And: as any node comes after the input node (the little rectangle with the green dot), in the case of raw images the ccm from the .dng-file is already applied to your data. There is no way around this.

Yes, if you pull the rug out from under it, of course it will be incorrect. The color transform (essentially a custom LUT) is calculated when you click the Match button. The solution is to click Match again whenever anything changes upstream and you’ll never run into any problem like this.

(That we’re applying a Color Match after doing any grading is already a strange premise. Color Matching is always first. Grading to taste comes after you’ve established good scene colors using the card. The 3rd node in your experiment is simply undoing your work in the 2nd node.)

I’m not sure if you’re suggesting it would be better if it was constantly updating anytime some other node changed, but for an interactive, manual process where you have to locate the card in a particular frame, it doesn’t make any sense to automatically update.

This was exactly my workflow for every shot of the vibration sensor video. The card is in the frame when you hit record. Color match first with the raw footage. Any changes for personal preference come after that. Everything works great. Lovely color.

In that case it was in Premiere, not Resolve. And I was using a plugin called MBR Color Corrector because Premiere doesn’t have a Color Match feature built-in. In that case one of the steps is literally to save out a .cube LUT file that the plugin generates from the in-frame color chart. So maybe it was the more explicit, separate step that seems to have made this such a clear-cut case in my brain?

From what I can tell it works exactly the same in Resolve. The “Match” button is one-time generating and applying a created-on-the-fly LUT to that node that attempts to most closely match that node’s (current) input to the reference chart data for the card that was selected.

Everything you and I have posted so far supports the preceding paragraph. So much so that I’m not particularly clear on what it is you’re still disagreeing with.

Well, I think we were discussing different things. You are absolutely right that a color match is/should be usually applied only at the very beginning of a grading tree of a clip. This can solve illumination as well as camera/film differences. I myself used color charts already in the 80’s of the last century for reproduction work, with analog cameras and film.

I think the color matcher is not generating a general LUT, but only a 3x3 color transformation matrix - for example, the color match function of davinci cannot really counteract a log-transform. Which a general LUT could easily handle.

Now. While the general usage of a color match would imply that it is tied to the clip in question, within davinci it is not. Let me elaborate that. If you create a new node, you can readjust quite a lot of things within that new node, only affecting the nodes after this new node. Examples are “Gain”, “Curves - Custom” and “Color Warper - Hue - Saturation”, to name a few. A very important one is the “Color Space Transformation” which is used a lot by professional graders. You go for example from rec709 to log space, do some intermediate grading, and finally go back from log-space to rec709. Clearly, each node has to do it’s work independently from other nodes.

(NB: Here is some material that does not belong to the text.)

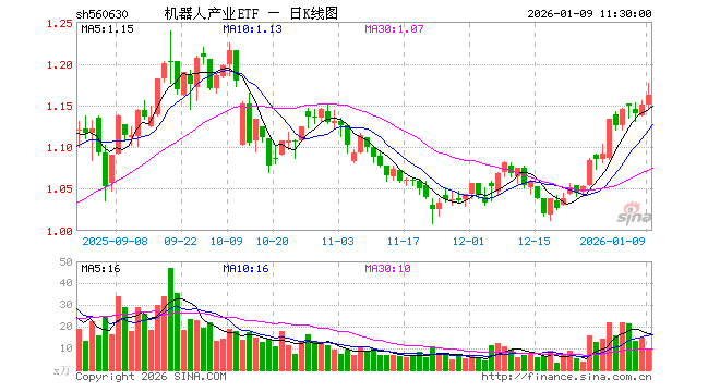 1月9日,截止午间收盘,机器人产业ETF(560630)涨1.04%,报1.162元,成交额1071.19万元。机器人产业ETF(560630)重仓股方面,汇川技术截止午盘涨0.23%,科大讯飞涨0.71%,石头科技涨0.24%,大华股份涨0.47%,中控技术涨0.64%,大族激光涨6.26%,双环传动涨1.14%,科沃斯涨0.17%,机器人涨0.65%,云天励飞涨0.74%。

However, there are functions which are not tied to a specific node, but tied to a clip. I know of at least two: first of all, what is set in the “Camera Raw” tab of the “Color page” is tied to the clip. It does not matter which node is selected when you change settings here - it affects the clip as a whole. The same goes for the “Tracker - Stabilizer” tab. Whenever you change stabilizer parameters, it does not matter which node is selected - only the clip matters.

It’s of little help that this is not clearly stated anywhere in the manual of davinci (as far as I know), nor that such functions are not differentiated somehow in the user interface.

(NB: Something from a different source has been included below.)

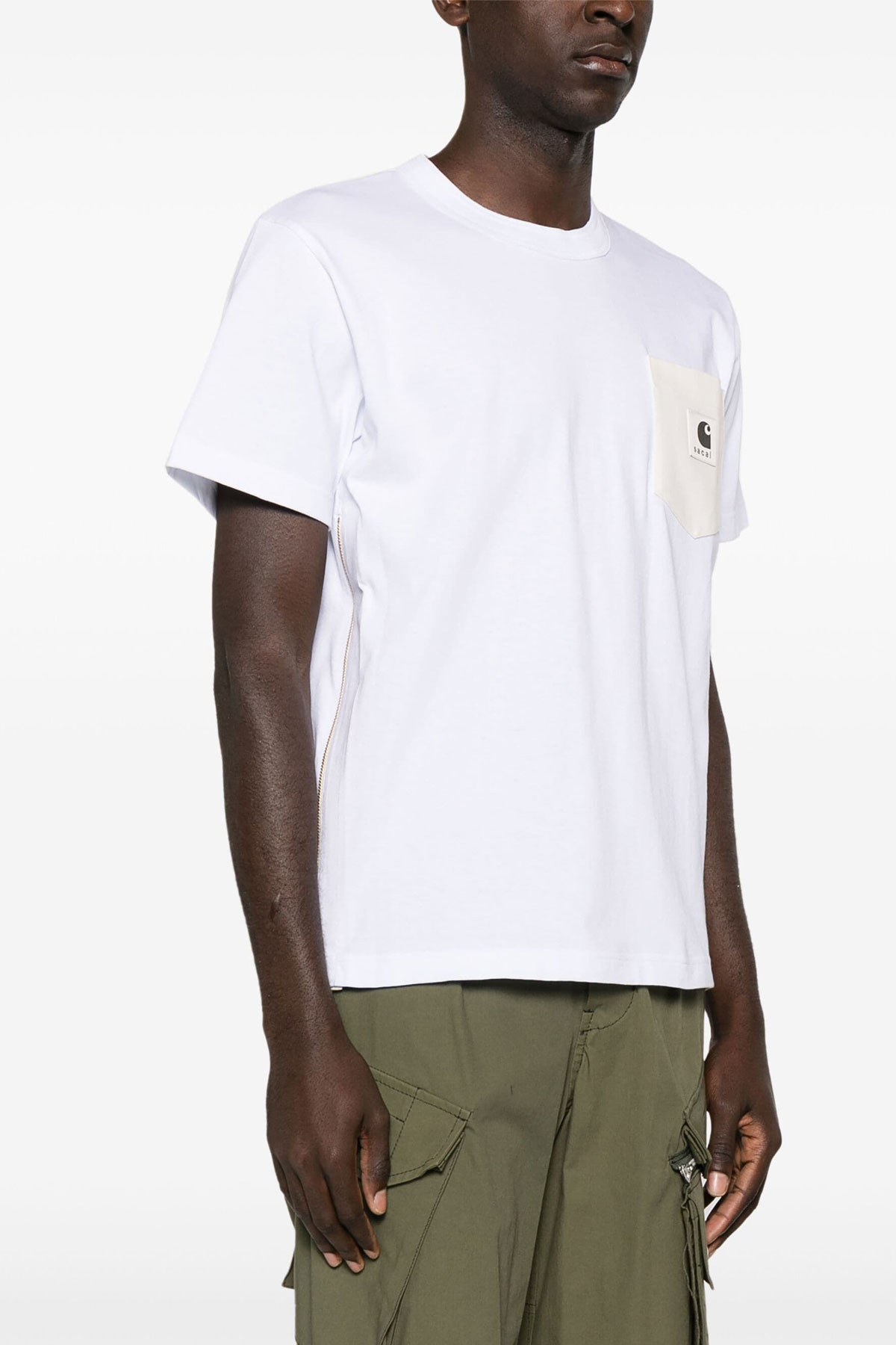 Sacai x Carhartt WIP cotton T-shirt with zip detail on the sides, crew neck, short sleeves, canvas pocket with front logo patch.

Now we are coming back to one of our main discussion points. The “Color Match” functionality might certainly be considered “clip-related” - but that’s not how the function is implemented in davinci. It’s connected to a single node, so you can have multiple independent color matches in a processing tree. Why they implemented this in that fashion - I do not know.

So the answer to your first question:

is actually “no”. It’s not included in the “clip-only” functionality.

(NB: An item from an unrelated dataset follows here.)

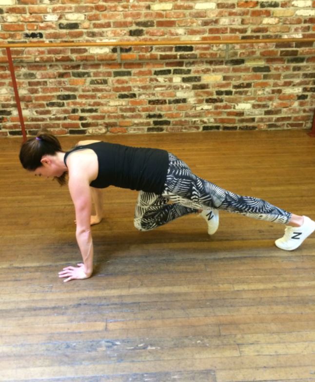 Start in a push-up position with a long, straight spine. Bring one knee into your chest without arching your back and then quickly switch feet, driving the other knee into your chest. Repeat this as slow or as fast as you like for 60 seconds.

Well, usually. In a mixed light situation, you might want to treat different parts of a scene separately, depending on the light situation. That would ask for several strategically placed color checkers. But I agree - it’s not clear why the “Color Match” functionality is node-based.

Which brings me back to the start of our discussion. While the beak of the bird might look great on your wide-gamut display, the display is based on a rec709 image which simply does not deliver colors outside of the rec709 color gamut. Even if the source material would deliver these colors, the “Camera Raw” module would by default map into the rec709/sRGB gamut, with those colors outside of this gamut clipped.

The xp24_full.dng is an extremely demanding image. Your vectorscope display

shows clipping all around the borders of the color hexagon (the sharply defined straight lines).

What I have been able to come up until now is this here:

which is a slight improvement, but not yet satisfactory. I used in color time line settings as “Color science” DaVinci YRGB with the “Timeline color space” set to Rec.709(Scene). The “Camera Raw” module was set to “Decode using” Clip, “Color Space” to Rec.709 and - that is important - “Gamma” as Linear.

The input is transformed into the appropriate color space by a “Color Space Transform”, with “Input Color Space” set to Use timeline, “Input Gamma” selected as Linear and “Output Color Space” as well as “Output Gamma” set to Rec.709.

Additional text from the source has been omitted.